_Entries supplied_.
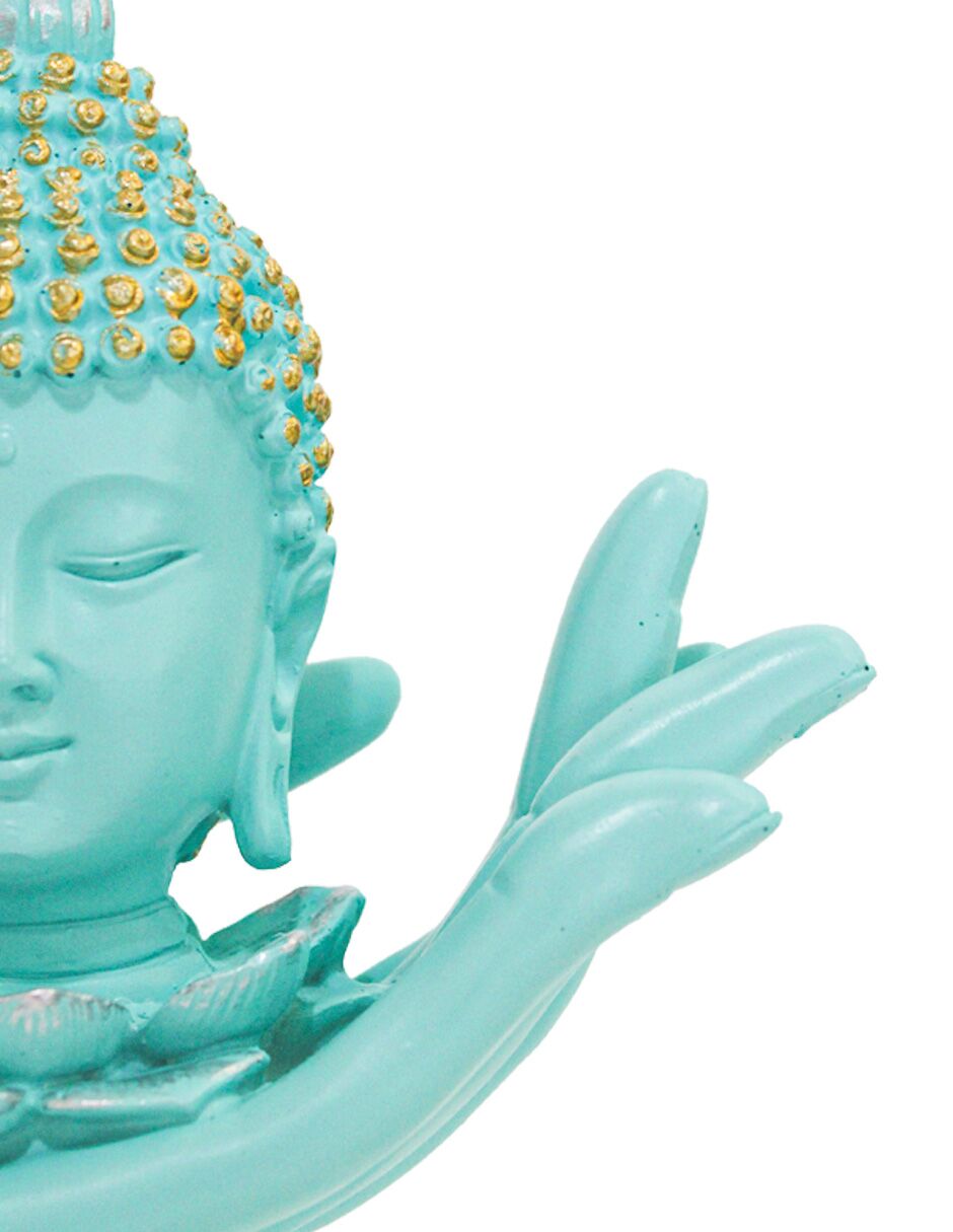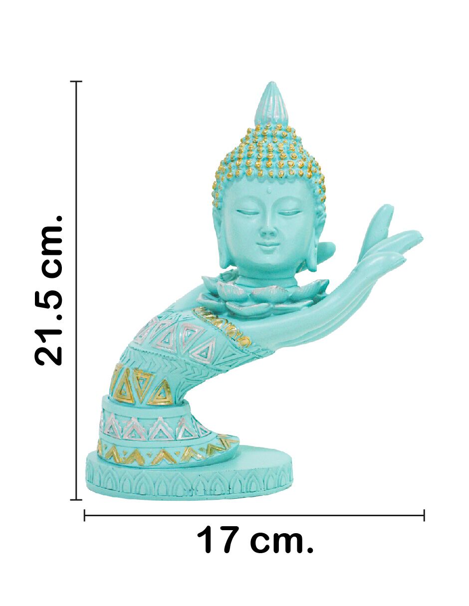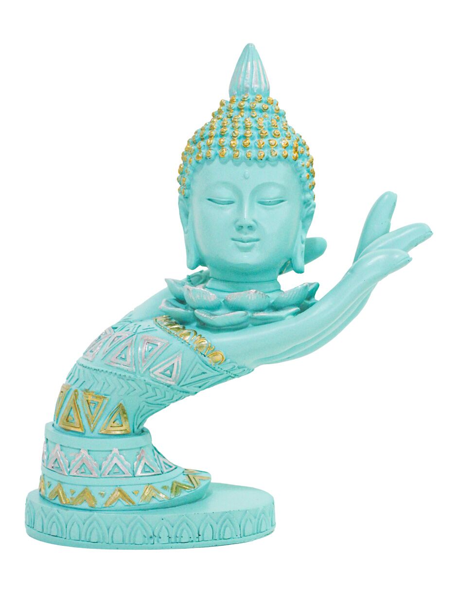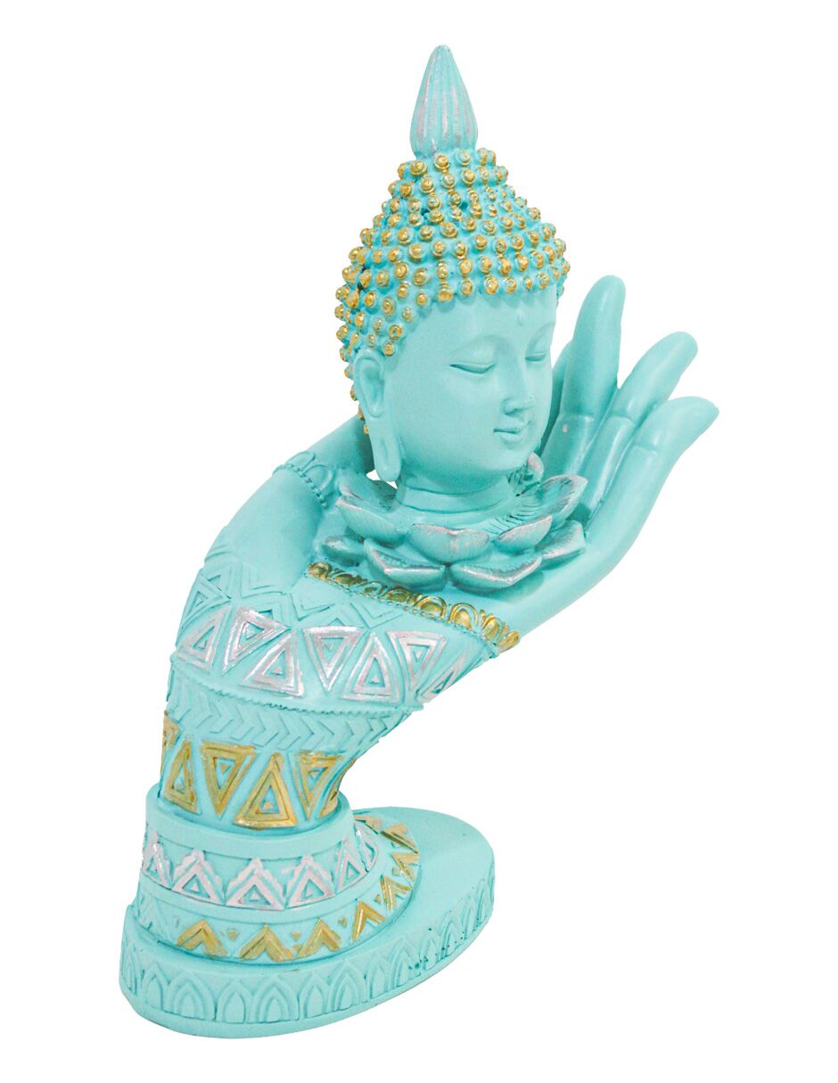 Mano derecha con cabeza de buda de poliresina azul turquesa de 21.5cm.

---

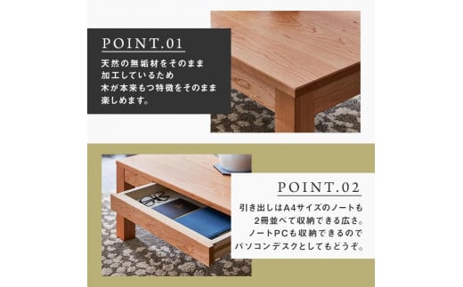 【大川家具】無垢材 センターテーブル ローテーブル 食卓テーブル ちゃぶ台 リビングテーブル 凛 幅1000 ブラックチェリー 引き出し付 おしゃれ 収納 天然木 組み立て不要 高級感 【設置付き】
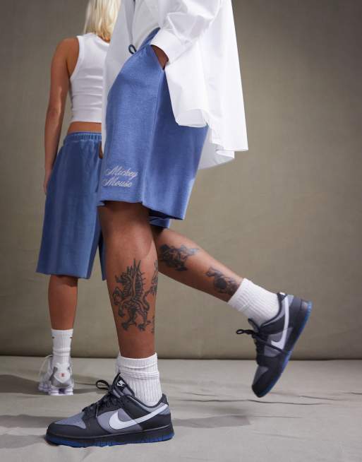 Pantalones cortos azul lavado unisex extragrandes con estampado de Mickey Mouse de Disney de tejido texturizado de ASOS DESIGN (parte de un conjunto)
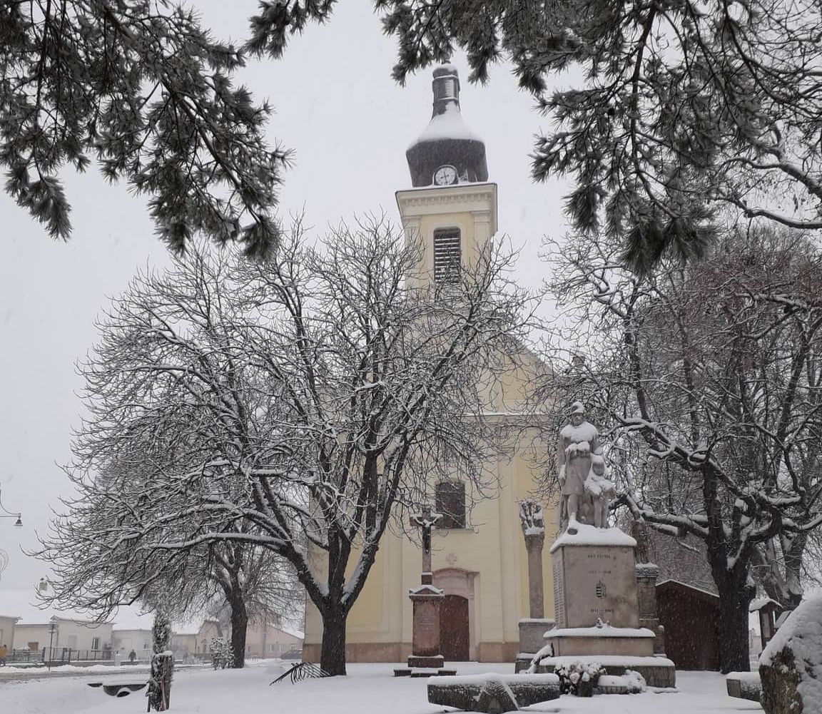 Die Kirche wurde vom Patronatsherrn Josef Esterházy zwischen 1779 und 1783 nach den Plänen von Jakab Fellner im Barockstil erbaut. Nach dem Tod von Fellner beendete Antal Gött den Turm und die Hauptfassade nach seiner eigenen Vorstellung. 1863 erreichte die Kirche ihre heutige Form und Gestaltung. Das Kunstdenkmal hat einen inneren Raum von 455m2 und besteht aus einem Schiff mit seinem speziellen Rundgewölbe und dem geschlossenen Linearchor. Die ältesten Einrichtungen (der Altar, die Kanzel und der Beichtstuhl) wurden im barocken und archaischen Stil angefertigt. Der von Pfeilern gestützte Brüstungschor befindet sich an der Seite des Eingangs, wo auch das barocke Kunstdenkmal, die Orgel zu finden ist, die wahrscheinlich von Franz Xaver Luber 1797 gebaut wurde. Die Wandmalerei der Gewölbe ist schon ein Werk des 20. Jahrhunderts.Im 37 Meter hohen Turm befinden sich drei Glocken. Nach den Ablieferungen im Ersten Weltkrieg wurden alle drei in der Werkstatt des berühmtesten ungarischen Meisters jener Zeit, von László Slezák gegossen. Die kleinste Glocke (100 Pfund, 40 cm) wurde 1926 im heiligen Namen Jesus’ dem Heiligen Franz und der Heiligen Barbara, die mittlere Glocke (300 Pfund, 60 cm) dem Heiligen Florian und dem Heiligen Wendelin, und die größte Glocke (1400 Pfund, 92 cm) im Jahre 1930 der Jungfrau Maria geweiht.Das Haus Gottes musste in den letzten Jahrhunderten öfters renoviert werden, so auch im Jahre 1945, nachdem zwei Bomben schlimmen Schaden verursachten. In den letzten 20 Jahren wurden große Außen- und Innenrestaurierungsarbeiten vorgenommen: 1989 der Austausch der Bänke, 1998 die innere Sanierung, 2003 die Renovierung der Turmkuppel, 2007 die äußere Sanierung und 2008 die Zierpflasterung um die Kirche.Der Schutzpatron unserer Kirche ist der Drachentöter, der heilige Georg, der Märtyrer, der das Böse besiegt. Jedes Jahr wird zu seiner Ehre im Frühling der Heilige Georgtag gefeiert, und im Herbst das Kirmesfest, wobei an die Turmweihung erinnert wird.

--

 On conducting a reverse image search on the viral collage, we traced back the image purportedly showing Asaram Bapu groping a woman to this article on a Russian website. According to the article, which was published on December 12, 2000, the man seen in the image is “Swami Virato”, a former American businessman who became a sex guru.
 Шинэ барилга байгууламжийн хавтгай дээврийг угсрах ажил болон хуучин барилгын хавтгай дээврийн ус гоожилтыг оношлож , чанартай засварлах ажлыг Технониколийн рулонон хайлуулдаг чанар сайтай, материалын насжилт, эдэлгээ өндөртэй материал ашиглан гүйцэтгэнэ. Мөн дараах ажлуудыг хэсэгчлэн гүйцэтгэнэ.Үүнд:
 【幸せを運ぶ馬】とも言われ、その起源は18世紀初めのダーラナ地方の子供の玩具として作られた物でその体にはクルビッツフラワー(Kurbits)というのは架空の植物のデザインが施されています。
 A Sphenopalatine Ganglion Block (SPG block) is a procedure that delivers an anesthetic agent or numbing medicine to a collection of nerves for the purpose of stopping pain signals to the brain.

_Problem to solve_. Look above for the line with "組み立て不要 高級感 【設置付き】" and the line with "Pantalones cortos azul", then restate exactly those two lines and all lines between them, with no pictures.

_The completed task_.
 【大川家具】無垢材 センターテーブル ローテーブル 食卓テーブル ちゃぶ台 リビングテーブル 凛 幅1000 ブラックチェリー 引き出し付 おしゃれ 収納 天然木 組み立て不要 高級感 【設置付き】
 Pantalones cortos azul lavado unisex extragrandes con estampado de Mickey Mouse de Disney de tejido texturizado de ASOS DESIGN (parte de un conjunto)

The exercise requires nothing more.